Task objective: Produce an exact transcription of the listing below, omitting the pictures.

Data excerpt:
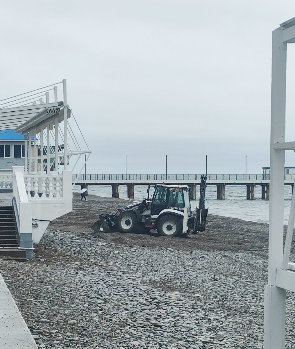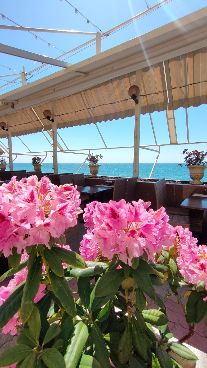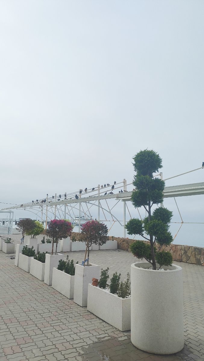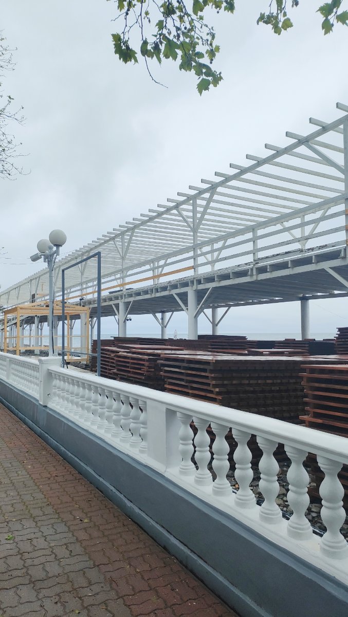 На набережной вовсю готовят кафе к открытию, завозят мебель, цветы, растения...
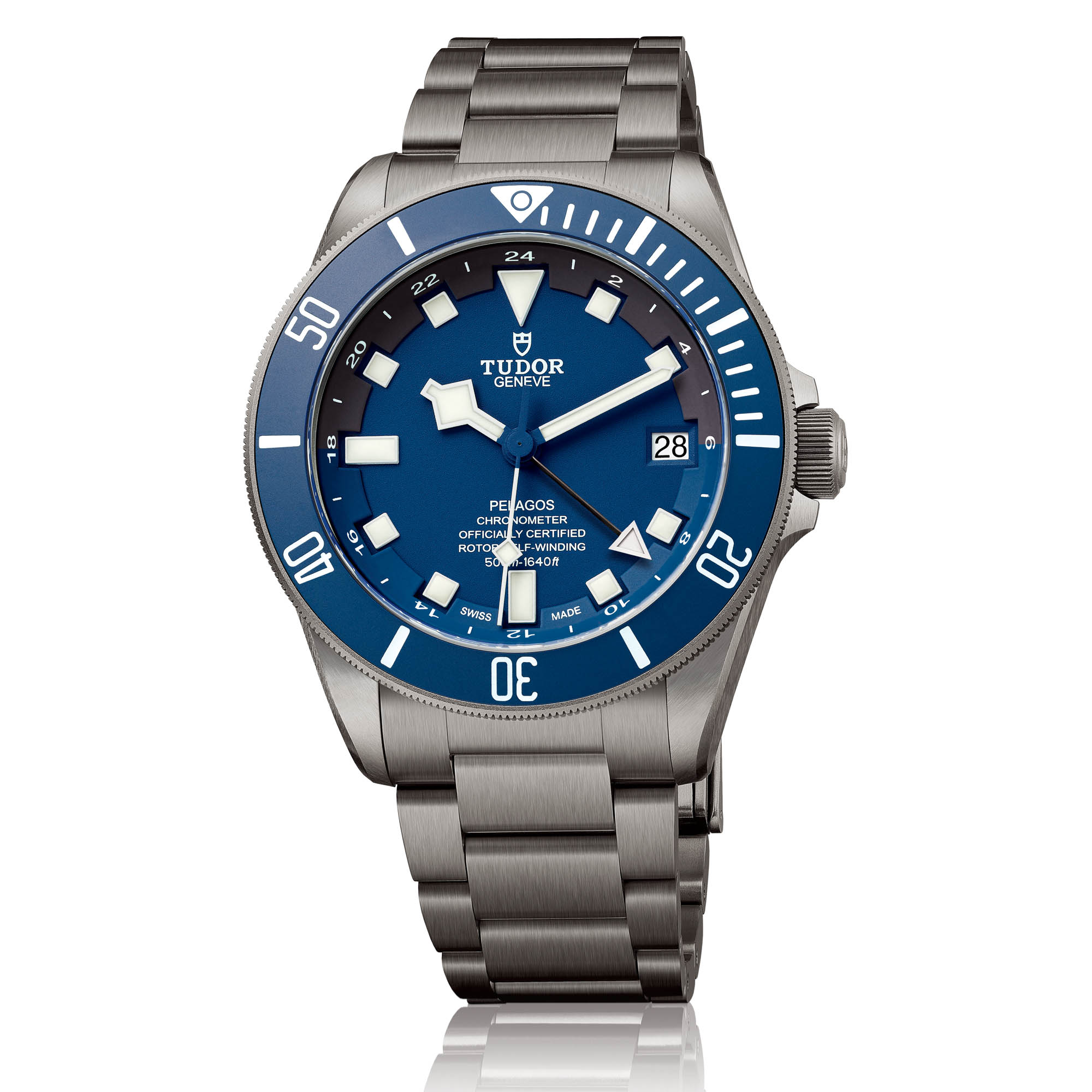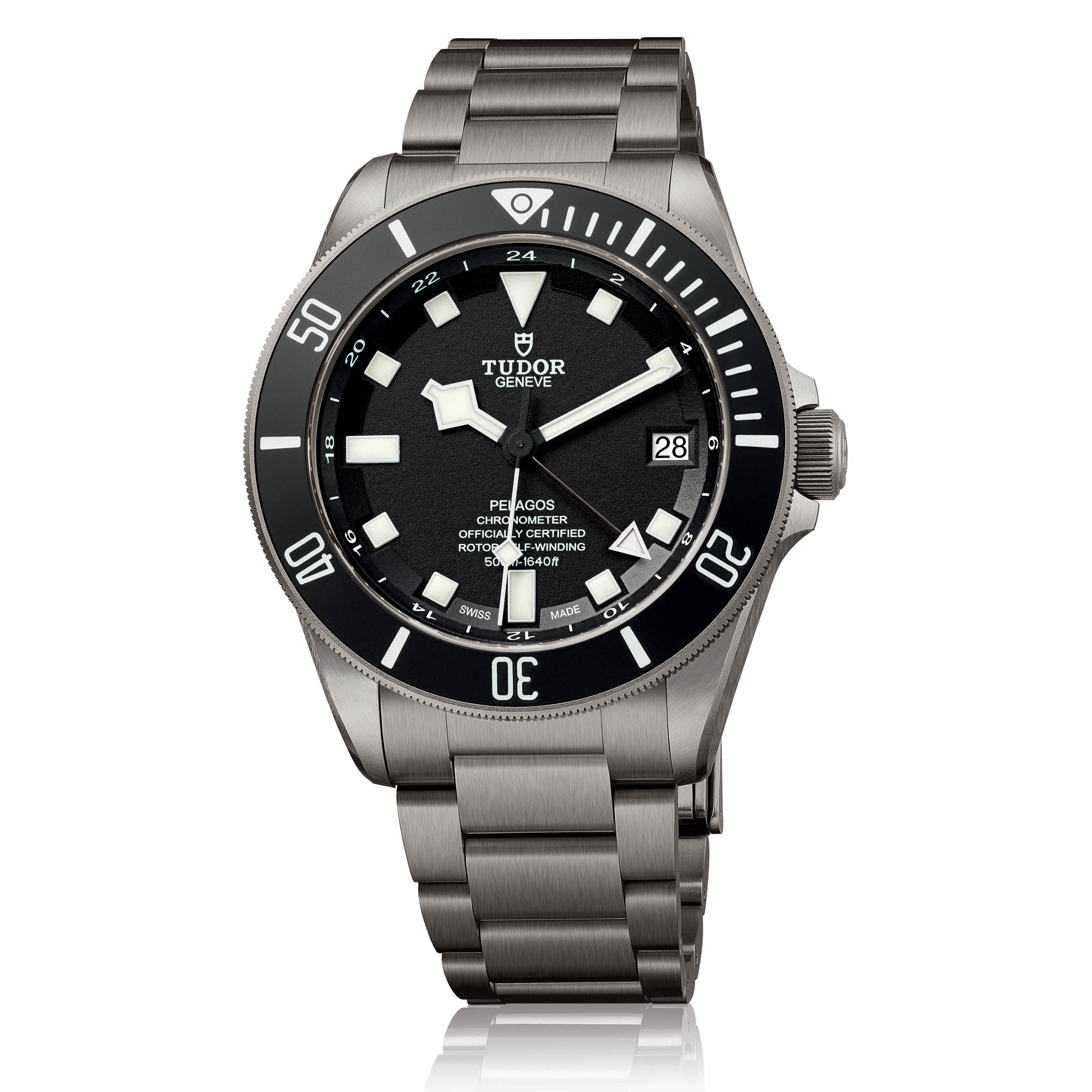 In order to keep the attributes of the Pelagos intact – water-resistance of 500m and true diving capacities – we have integrated the GMT function in a way that doesn’t interfere with the diving scale on the bezel. Linked to the central GMT hand is a 24-hour scale printed on the inner flange. In such a way, the wearer can use this watch as a travelling companion when on land, without sacrificing its formidable diving functions with its 60-minute scale on the bezel.
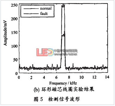 為了比較條形磁芯線圈與環(huán)形磁芯線圈對(duì)封裝缺陷檢測精度的影響,現(xiàn)分別使用條形磁芯線圈和圖3(a)示環(huán)形磁芯線圈進(jìn)行實(shí)驗(yàn)。磁芯材料為PC40,其初始相對(duì)磁導(dǎo)率約為2300,條形磁芯的外形幾何尺寸為1.6minx3.2ram×20mm,線圈匝數(shù)為300匝;環(huán)形磁芯橫截面尺寸為1.6mm×3.2mm,其有效磁路長度約等于條形磁芯,線圈匝數(shù)為300匝。實(shí)驗(yàn)中激勵(lì)光源為一種超高亮度貼片式白光LED,激勵(lì)光源用占空比為50%的方波信號(hào)驅(qū)動(dòng),方波信號(hào)可由一系列正弦變化的信號(hào)疊加而成,使其基頻與諧振回路的工作頻率相同,即LC諧振回路實(shí)現(xiàn)了對(duì)方波信號(hào)的選頻,所以穿過線圈磁通鏈的變化率就是方波基頻信號(hào)的變化率;檢測對(duì)象分別是GaP材料12mil黃色焊接質(zhì)量合格的LED和焊接過程中芯片電極有非金屬膜的LED。從線圈兩端輸出的信號(hào)經(jīng)放大、濾波、峰值檢波后見圖5。實(shí)驗(yàn)中放大器的放大倍數(shù)為103倍。
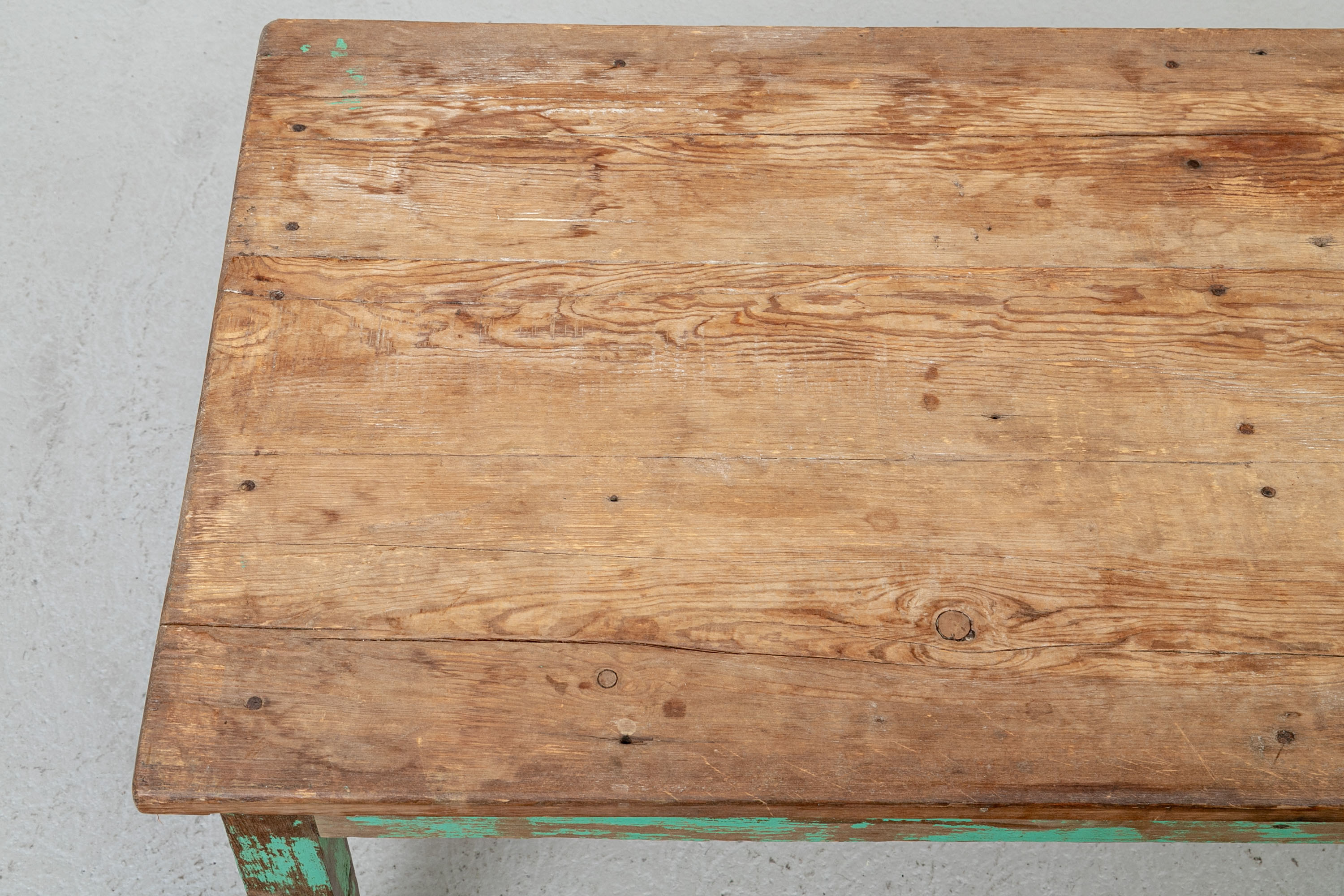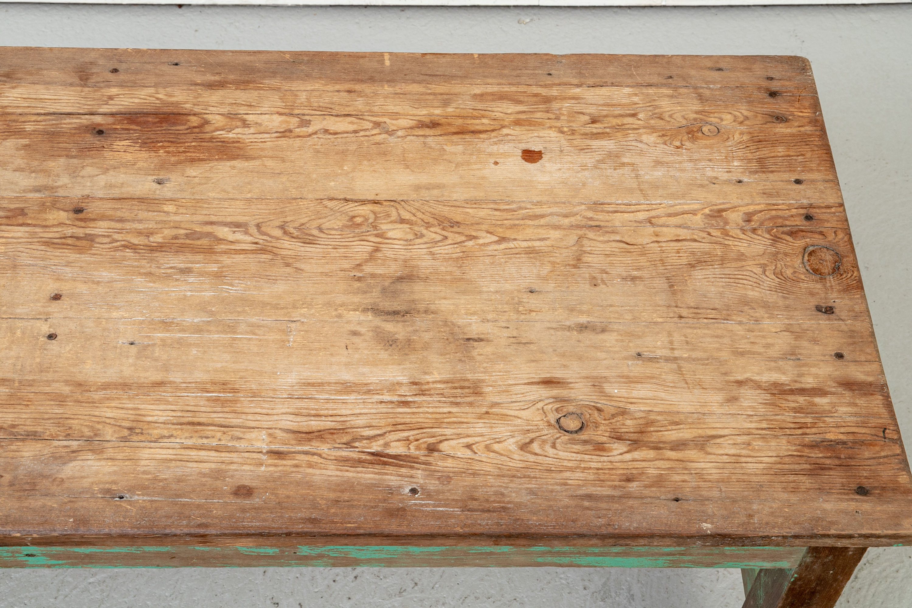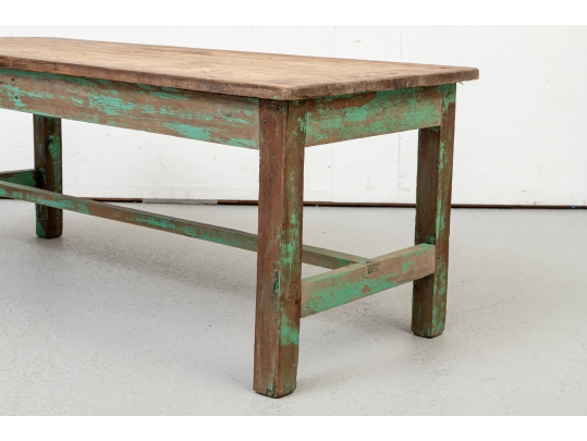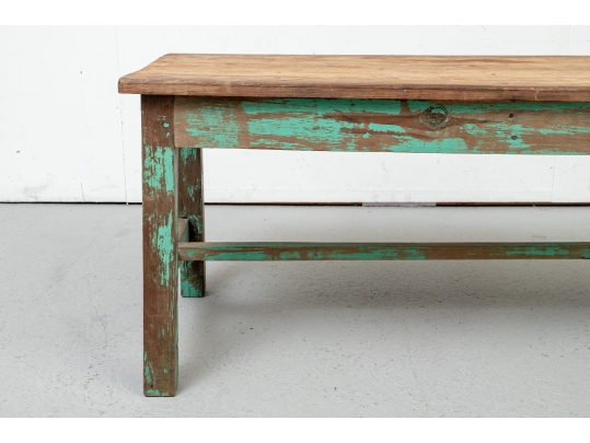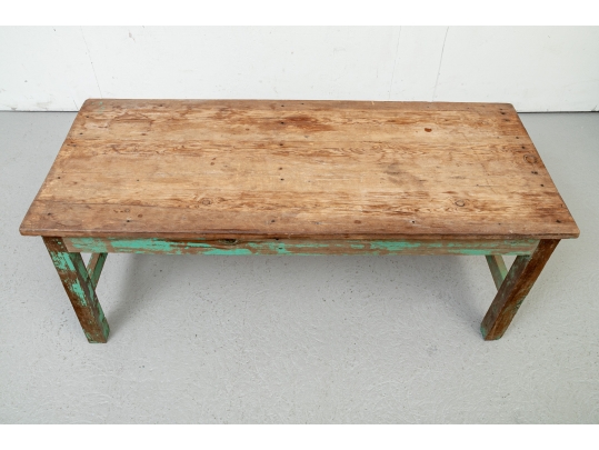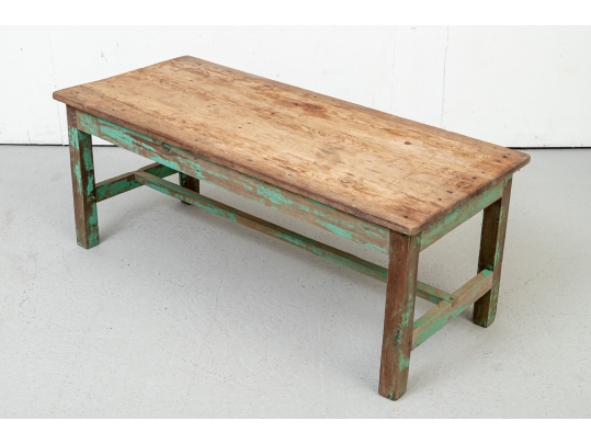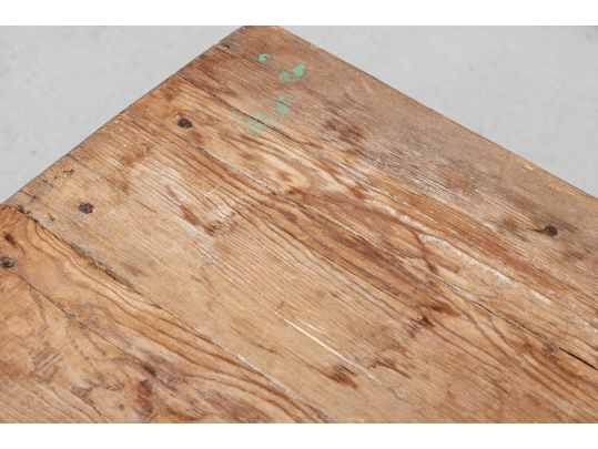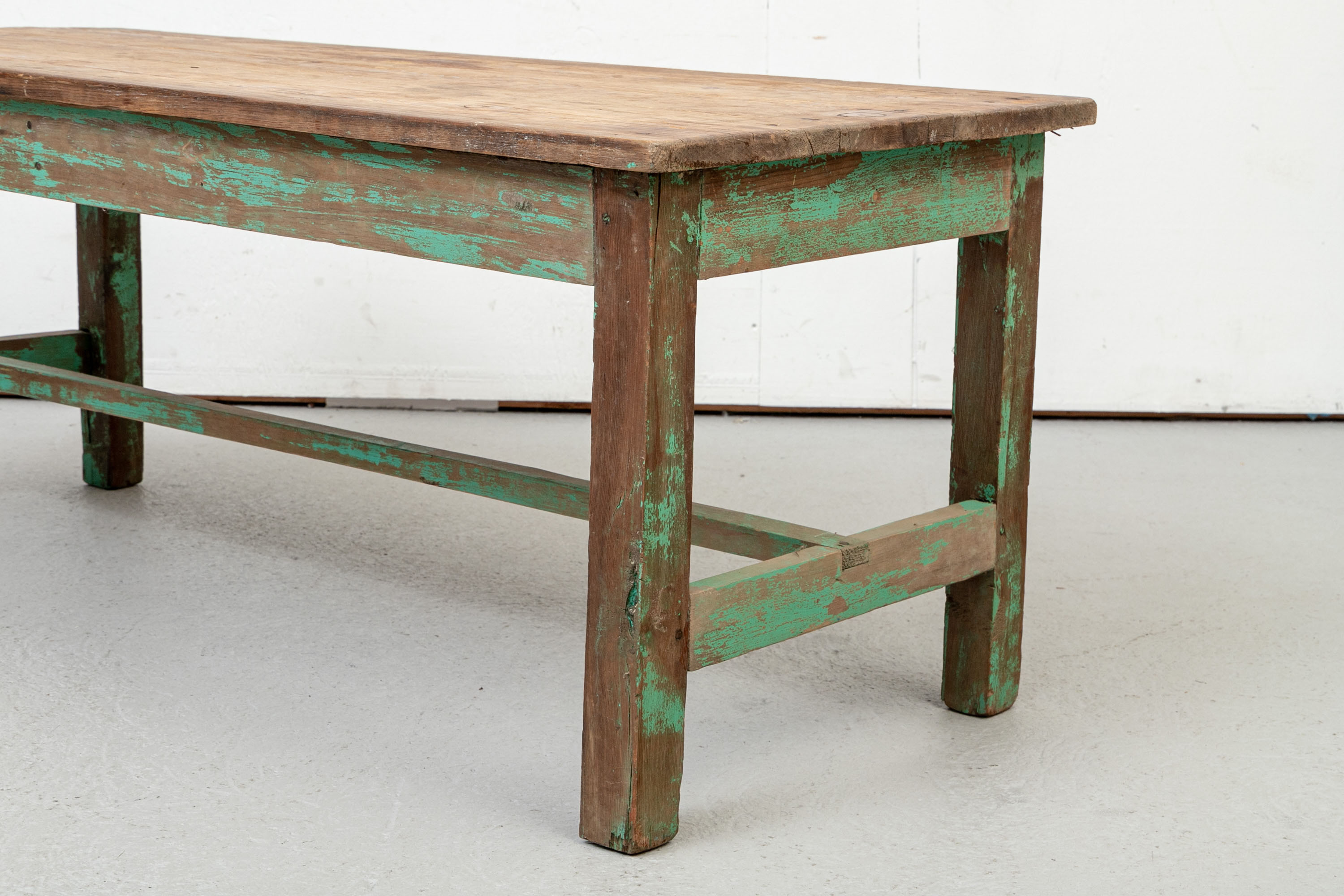 Originally acquired at the iconic New Preston, Connecticut design shop J. Seitz. A very well made Antique Table from New Mexico with Natural Wood plank top and having wonderful Sage Green traces of paint on the frame. A charming and simple Primitive Table in all original condition.

Task solution:
 На набережной вовсю готовят кафе к открытию, завозят мебель, цветы, растения...
 In order to keep the attributes of the Pelagos intact – water-resistance of 500m and true diving capacities – we have integrated the GMT function in a way that doesn’t interfere with the diving scale on the bezel. Linked to the central GMT hand is a 24-hour scale printed on the inner flange. In such a way, the wearer can use this watch as a travelling companion when on land, without sacrificing its formidable diving functions with its 60-minute scale on the bezel.
 為了比較條形磁芯線圈與環(huán)形磁芯線圈對(duì)封裝缺陷檢測精度的影響,現(xiàn)分別使用條形磁芯線圈和圖3(a)示環(huán)形磁芯線圈進(jìn)行實(shí)驗(yàn)。磁芯材料為PC40,其初始相對(duì)磁導(dǎo)率約為2300,條形磁芯的外形幾何尺寸為1.6minx3.2ram×20mm,線圈匝數(shù)為300匝;環(huán)形磁芯橫截面尺寸為1.6mm×3.2mm,其有效磁路長度約等于條形磁芯,線圈匝數(shù)為300匝。實(shí)驗(yàn)中激勵(lì)光源為一種超高亮度貼片式白光LED,激勵(lì)光源用占空比為50%的方波信號(hào)驅(qū)動(dòng),方波信號(hào)可由一系列正弦變化的信號(hào)疊加而成,使其基頻與諧振回路的工作頻率相同,即LC諧振回路實(shí)現(xiàn)了對(duì)方波信號(hào)的選頻,所以穿過線圈磁通鏈的變化率就是方波基頻信號(hào)的變化率;檢測對(duì)象分別是GaP材料12mil黃色焊接質(zhì)量合格的LED和焊接過程中芯片電極有非金屬膜的LED。從線圈兩端輸出的信號(hào)經(jīng)放大、濾波、峰值檢波后見圖5。實(shí)驗(yàn)中放大器的放大倍數(shù)為103倍。
 Originally acquired at the iconic New Preston, Connecticut design shop J. Seitz. A very well made Antique Table from New Mexico with Natural Wood plank top and having wonderful Sage Green traces of paint on the frame. A charming and simple Primitive Table in all original condition.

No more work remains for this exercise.